## About this exercise
Every line from the top of the records below through the one containing "全市首家!我院眼科獲中國近視" must be copied exactly, and the pictures must not be.

## Records to use
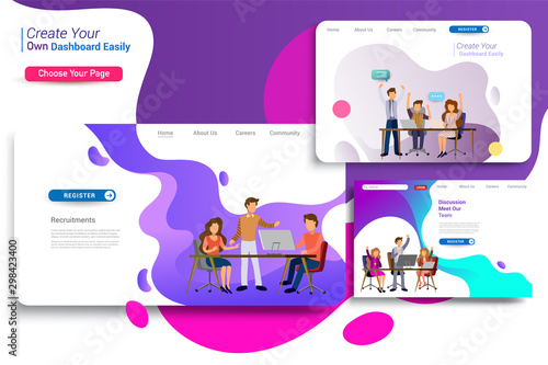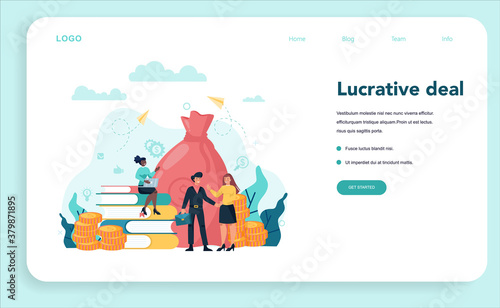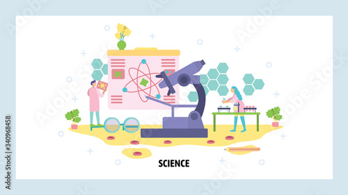 Science and technology poster. Scientists, microscope, research, physics. Atom structure. Vector web site design template. Landing page website illustration
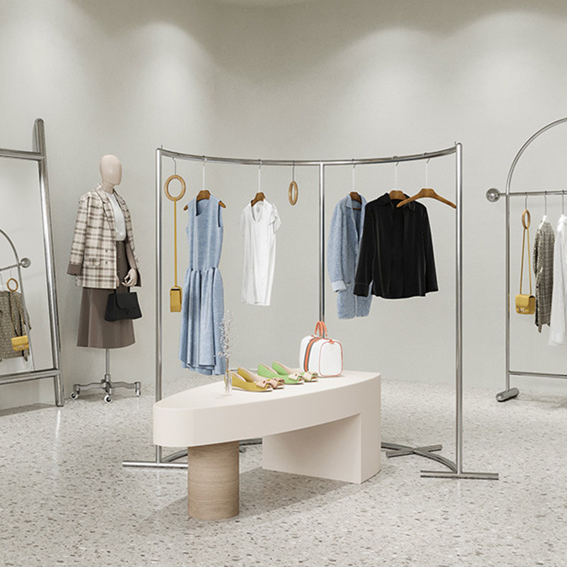 Simple clothing store in the island rack arc floor stainless steel creative women's clothing store semi-circular clothes shelf display rack
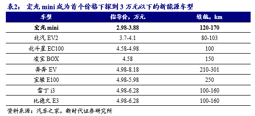A00级别纯电宏光mini价格亲民,竞争力强。5月28日,A00级别宏光mini开启预售,价格2.98万元,成为首个价格下探到3万元以下的新能源汽车,直击低速车价格区间。根据第一电动的调查结果显示,59%的人关注五菱宏光mini最初就是被这个2.98万元起的价格吸引。
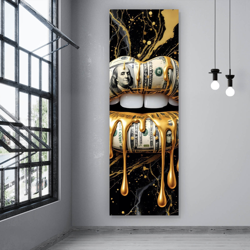 Dieses beeindruckende Wandbild zeigt ein faszinierendes Motiv, das Luxus und Kreativität in einem einzigartigen Kunstwerk vereint. Die zentrale Darstellung der Lippen, die aus Geldscheinen geformt sind, wird durch fließende goldene Akzente ergänzt, die dem Bild eine außergewöhnliche Tiefe und Dynamik verleihen. Die Kombination aus modernen und opulenten Elementen zieht den Betrachter in ihren Bann und vermittelt ein Gefühl von Glamour und Stil. Die kunstvoll arrangierten Details erzeugen eine eindrucksvolle Raumwirkung und machen das Bild zu einem echten Statement-Piece für jedes Interieur. Es eignet sich ideal für Räume, die nach einem Hauch von Exklusivität und Eleganz verlangen, und fügt sich nahtlos in moderne Wohn- und Arbeitsumgebungen ein. Die Verwendung von kontrastreichen Elementen verstärkt die visuelle Anziehungskraft und sorgt dafür, dass das Kunstwerk aus jedem Blickwinkel Aufmerksamkeit erregt. Die sorgfältige Gestaltung und die hochwertige Ausführung machen dieses Bild zu einem begehrten Dekorationsobjekt, das sowohl Kunstliebhaber als auch Design-Enthusiasten anspricht. Ob im Wohnzimmer, Büro oder in einer stilvollen Bar – dieses Wandbild setzt eindrucksvolle Akzente und unterstreicht ein anspruchsvolles Einrichtungsverständnis.
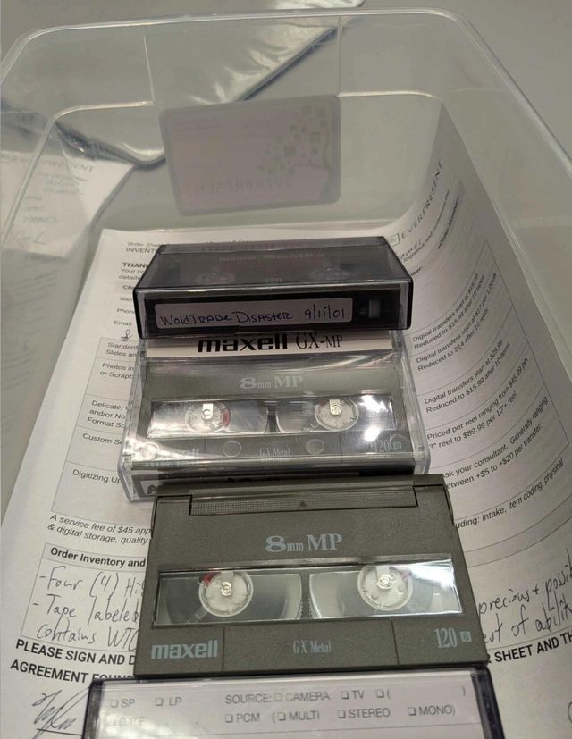 911 테러 생존자가 개인적으로 보관해온 물건으로, 절대 공개를 꺼렸으나 911 Media Preservation Group과 BetweenTwoTowers 라는 유저가 소유주에게 접촉하고, 물건을 넘겨받아 3~4 개의 8mm 비디오 테이프에 대한 디지털 복원 작업을 진행하고 있다는 소식을 올렸다.
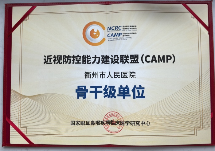 全市首家!我院眼科獲中國近視防控能力建設(shè)聯(lián)盟(CAMP)骨干級(jí)單位
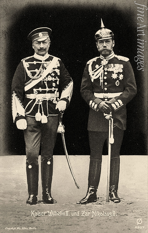 Fotoatelier Franz Kühn Berlin - Kaiser Wilhelm II. (links) in russischer Uniform und Zar Nikolaus II. (rechts) in preußischer Uniform in Björkö
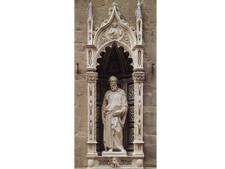В фигуре апостола Марка для флорентийской церкви Орсан-Микеле (10 -е годы XV в. ) он решает проблему постановки человеческой фигуры в рост по законам пластики, разработанным еще Поликлетом, но забытым в средневековье. Апостол стоит опираясь на правую ногу, левая отодвинута назад и согнута в колене, слегка поддерживая равновесие фигуры. Это движение подчеркнуто складками плаща, спадающими вдоль правой ноги, и сложным узором гибких линий этих складок, рассыпающихся по левой.
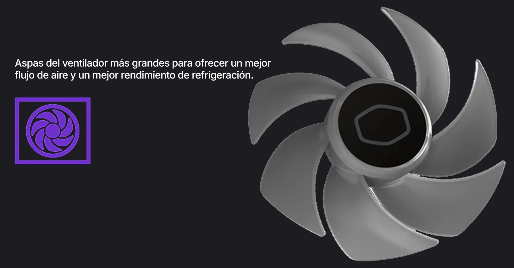 – Material del disipador: 4 tubos de calor / aletas de aluminio

## Exercise response
 Science and technology poster. Scientists, microscope, research, physics. Atom structure. Vector web site design template. Landing page website illustration
 Simple clothing store in the island rack arc floor stainless steel creative women's clothing store semi-circular clothes shelf display rack
A00级别纯电宏光mini价格亲民,竞争力强。5月28日,A00级别宏光mini开启预售,价格2.98万元,成为首个价格下探到3万元以下的新能源汽车,直击低速车价格区间。根据第一电动的调查结果显示,59%的人关注五菱宏光mini最初就是被这个2.98万元起的价格吸引。
 Dieses beeindruckende Wandbild zeigt ein faszinierendes Motiv, das Luxus und Kreativität in einem einzigartigen Kunstwerk vereint. Die zentrale Darstellung der Lippen, die aus Geldscheinen geformt sind, wird durch fließende goldene Akzente ergänzt, die dem Bild eine außergewöhnliche Tiefe und Dynamik verleihen. Die Kombination aus modernen und opulenten Elementen zieht den Betrachter in ihren Bann und vermittelt ein Gefühl von Glamour und Stil. Die kunstvoll arrangierten Details erzeugen eine eindrucksvolle Raumwirkung und machen das Bild zu einem echten Statement-Piece für jedes Interieur. Es eignet sich ideal für Räume, die nach einem Hauch von Exklusivität und Eleganz verlangen, und fügt sich nahtlos in moderne Wohn- und Arbeitsumgebungen ein. Die Verwendung von kontrastreichen Elementen verstärkt die visuelle Anziehungskraft und sorgt dafür, dass das Kunstwerk aus jedem Blickwinkel Aufmerksamkeit erregt. Die sorgfältige Gestaltung und die hochwertige Ausführung machen dieses Bild zu einem begehrten Dekorationsobjekt, das sowohl Kunstliebhaber als auch Design-Enthusiasten anspricht. Ob im Wohnzimmer, Büro oder in einer stilvollen Bar – dieses Wandbild setzt eindrucksvolle Akzente und unterstreicht ein anspruchsvolles Einrichtungsverständnis.
 911 테러 생존자가 개인적으로 보관해온 물건으로, 절대 공개를 꺼렸으나 911 Media Preservation Group과 BetweenTwoTowers 라는 유저가 소유주에게 접촉하고, 물건을 넘겨받아 3~4 개의 8mm 비디오 테이프에 대한 디지털 복원 작업을 진행하고 있다는 소식을 올렸다.
 全市首家!我院眼科獲中國近視防控能力建設(shè)聯(lián)盟(CAMP)骨干級(jí)單位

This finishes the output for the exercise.